El monte Olimpo. El lugar que había sido su hogar desde entonces.
Al recordar aquello, Ganímedes se tocó los hombros, aunque ya ni siquiera le quedaban cicatrices. No había tenido más visión del exterior del Olimpo que aquella tan lejana, pues se desmayó de frío y dolor mucho antes de llegar. Cuando despertó, le estaba curando las heridas un hombre alto, de cabellos dorados y mirada melancólica, tan bello y resplandeciente que el propio Ganímedes, conocido por ser
el muchacho más guapo de toda Frigia, se sintió sucio y feo a su lado. No tardó en saber que aquél era Apolo, y que el bálsamo con que le estaba untando los hombros tenía como principal ingrediente la ambrosía.

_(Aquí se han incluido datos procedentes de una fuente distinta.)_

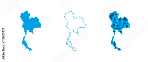 Obraz premium Thailand set of three maps - solid map, outline map and map highlighting...

Ambrosía. La droga de los dioses. La misma que lo mantenía casi tan joven como aquel día y que había acrecentado su belleza natural hasta que él mismo casi parecía un dios. Por dos veces casi. Pues ahora Ganímedes podría pasar por un hombre de veinte años, mas no por un efebo de quince; y aunque los visitantes del Olimpo alababan su apostura, todo aquel que lo veía por primera vez se daba cuenta de que él no era un inmortal.
Ganímedes se volvió hacia el lecho. Jamás había visto uno tan lujoso en el palacio de su padre Tros, pese a que la diosa que dormía en él era la más austera del Olimpo. El enorme colchón, relleno de plumas de faisán, se sustentaba sobre una sólida armazón de bronce. Ganímedes se acercó de puntillas y tiró de la sábana, que era de seda, un tejido resbaladizo y mucho más suave que el lino con el que se tejían las
túnicas de los nobles troyanos. Después se sentó a los pies de la cama y contempló a la diosa.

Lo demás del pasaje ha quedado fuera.